A quality improvement program was implemented by the NYU Perlmutter Cancer Center Clinical Trials Office with the goal of expanding therapeutic trial enrollment at an affiliated public hospital, Bellevue Cancer Center (BCC). Using the electronic medical record, cancer registries, and conferences, 1 employee manually prescreened patients for the initiative with the objective of identifying eligible patients for therapeutic trials and those who subsequently enrolled.
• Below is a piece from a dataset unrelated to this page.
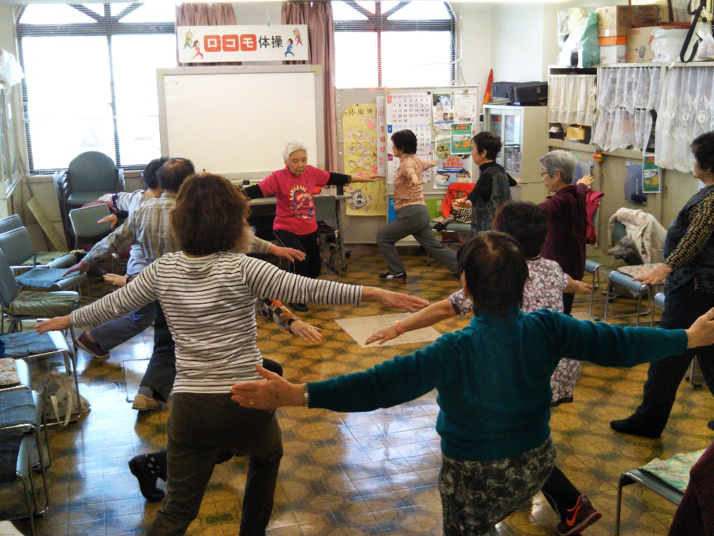 ロコモ体操を少し軽めにしたものです。認知症予防にも効果があるといわれています。基本的に座った姿勢で体操を行います。
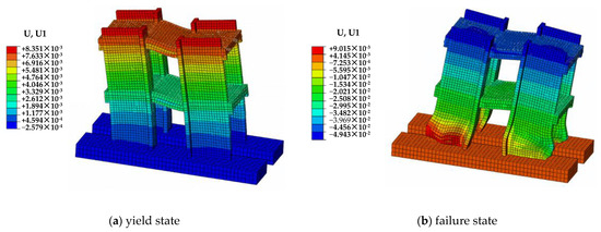 Figure 16 shows the horizontal displacement (U1) of the spatial structure specimen of the fabricated ECC/RC combined shear wall in the yield state and failure state simulated by the finite element. We can see that the displacement at the top of the structure specimen is the largest and decreases as it decreases. The vertex displacement at the loading beam is approximately 7.4 mm when the prefabricated ECC/RC combined shear wall yields, and the vertex displacement is approximately 44.4 mm when it fails.

A total of 31 patients were registered in therapeutic clinical trials at BCC during the 2-year period preceding the prescreening program. From July 2017 to July 2019, 255 patients were identified, of which more than half (56.1%) were enrolled in trials. Furthermore, 55 patients from the cohort who opted to enroll were referred to NYU for trials not available at BCC. This population of enrolled patients was diverse; of the 143 patients who were enrolled (median age, 55 years), >64% were female, 56% were non-white, and 57% were not English speaking, representing 16 languages. The top 3 disease groups were breast, gastrointestinal, and thoracic cancer, and 83% of the patients lived in low-income areas, with 62% in both low-income and health professional shortage areas.

A 4.6-fold increase in accruals resulted from designating a single employee to conduct screening, suggesting that in limited resource settings, therapeutic trial enrollment provides broader access to clinical trials for underserved populations.

Source:

Wu JJ, Yakubov A, Hay MMA, et al. Pre-screening as a tool for increasing oncology trial enrollment. Presented at: American Society of Clinical Oncology 2021 Annual Meeting, June 4-8. Abstract 1577.